_Your instructions_
Copy every entry below exactly, and keep out the pictures.

_Collected data_

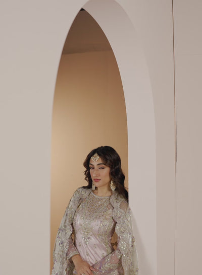 Our Dusty Pink Embroidered Straight Suit includes a net top with satin inner, satin bottom, and a silk dupatta. Embroidery is present on this style using zari, sequins, and stone work.
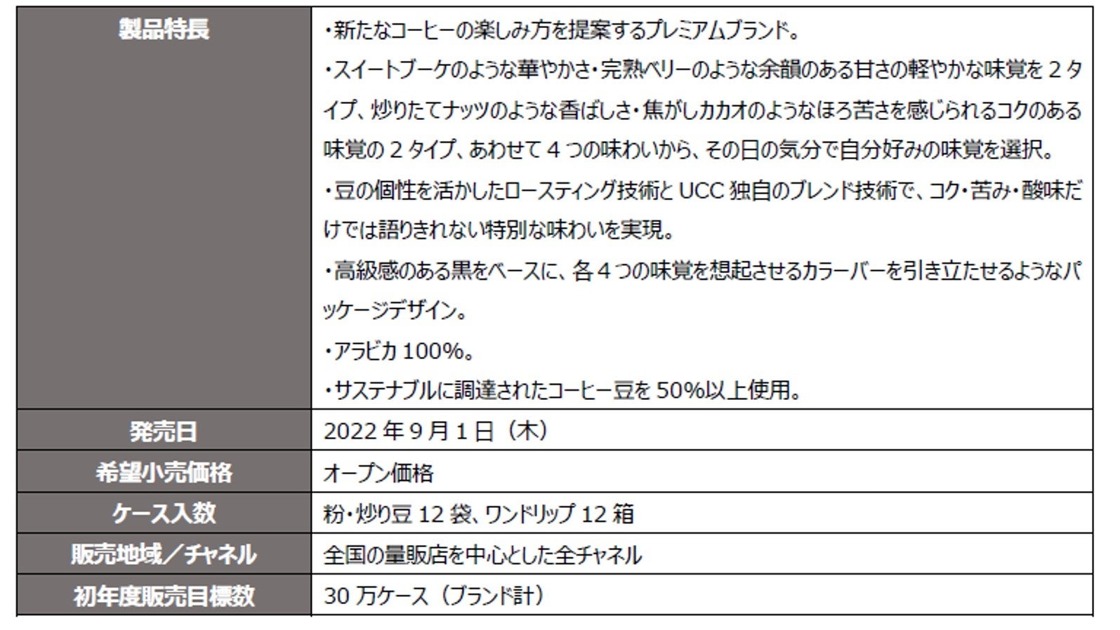 - 『UCC GOLD SPECIAL PREMIUM』製品概要
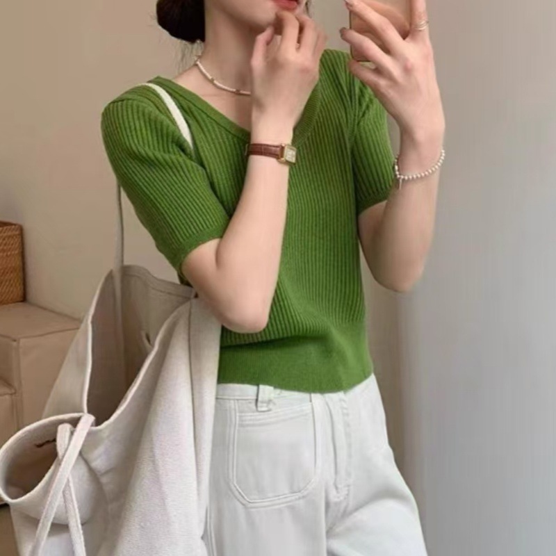 KANING 한국식 U-넥 얇은 니트 반팔 티셔츠 여성용 느슨한 여름 새로운 간단한 피트 스트립 작은 탑스토어 가기
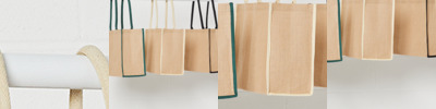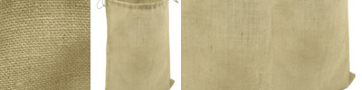 Natural jute. Cotton drawcord closure. Tear out label. Capacity 40 litres.
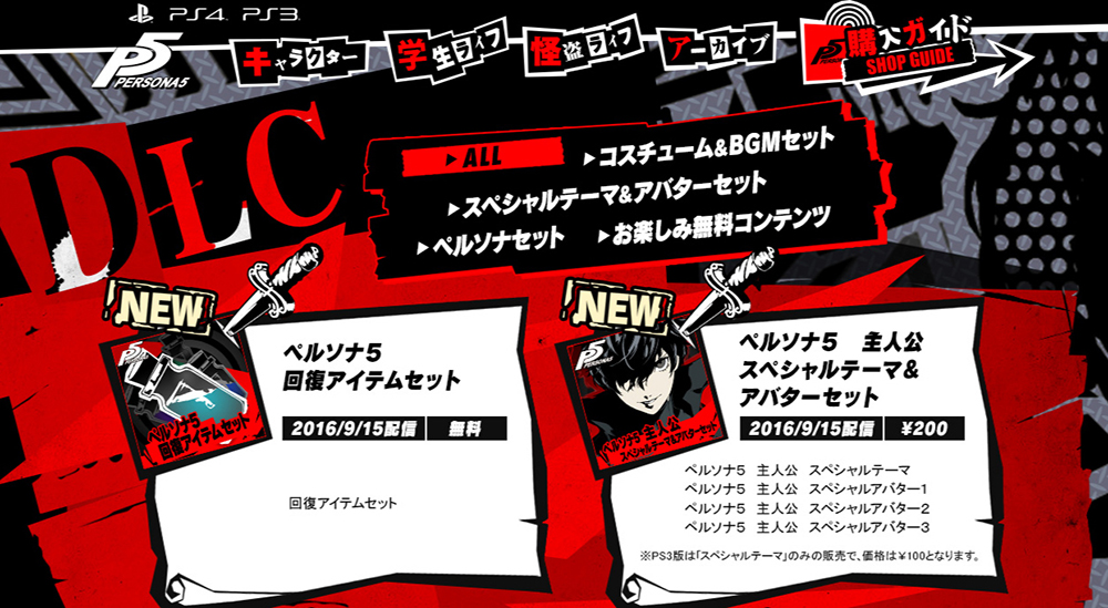 本日発売の「ペルソナ5」でDLC/パッチ1.01情報が公開。無料の回復アイテムセットのほか,有料のPS3/PS4用スペシャルテーマが配信
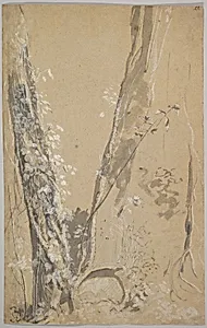 Joseph Werner the Younger (1637–1710), a Swiss-German Baroque artist renowned for his intricate miniature portraits and landscapes, created this double-sided drawing as a meticulous study of nature's wild beauty. Titled *Study of Overgrown Trees verso: Study of a Cypress and Two Overgrown Trees it captures the tangled, majestic forms of ancient trees, evoking the untamed wilderness that fascinated 17th-century European artists amid the era's growing interest in naturalism. Executed in brush and gray ink heightened with white gouache on a generous sheet measuring 14 13/16 x 9 7/16 inches, the ...
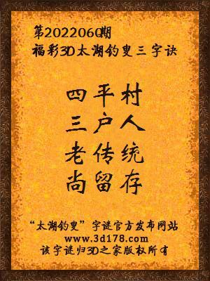 3d太湖字谜第2022060期丽人达人详解:老传统
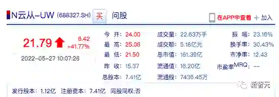 同时,按此次发行价以及发行后7.41亿股的总股本,云从科技在招股书上预测的初始发行市值接近114亿元。而在27日上午10点半左右,按每股价格算,云从科技市值已经超过160亿元。

_Response to the exercise_
 Our Dusty Pink Embroidered Straight Suit includes a net top with satin inner, satin bottom, and a silk dupatta. Embroidery is present on this style using zari, sequins, and stone work.
 - 『UCC GOLD SPECIAL PREMIUM』製品概要
 KANING 한국식 U-넥 얇은 니트 반팔 티셔츠 여성용 느슨한 여름 새로운 간단한 피트 스트립 작은 탑스토어 가기
 Natural jute. Cotton drawcord closure. Tear out label. Capacity 40 litres.
 本日発売の「ペルソナ5」でDLC/パッチ1.01情報が公開。無料の回復アイテムセットのほか,有料のPS3/PS4用スペシャルテーマが配信
 Joseph Werner the Younger (1637–1710), a Swiss-German Baroque artist renowned for his intricate miniature portraits and landscapes, created this double-sided drawing as a meticulous study of nature's wild beauty. Titled *Study of Overgrown Trees verso: Study of a Cypress and Two Overgrown Trees it captures the tangled, majestic forms of ancient trees, evoking the untamed wilderness that fascinated 17th-century European artists amid the era's growing interest in naturalism. Executed in brush and gray ink heightened with white gouache on a generous sheet measuring 14 13/16 x 9 7/16 inches, the ...
 3d太湖字谜第2022060期丽人达人详解:老传统
 同时,按此次发行价以及发行后7.41亿股的总股本,云从科技在招股书上预测的初始发行市值接近114亿元。而在27日上午10点半左右,按每股价格算,云从科技市值已经超过160亿元。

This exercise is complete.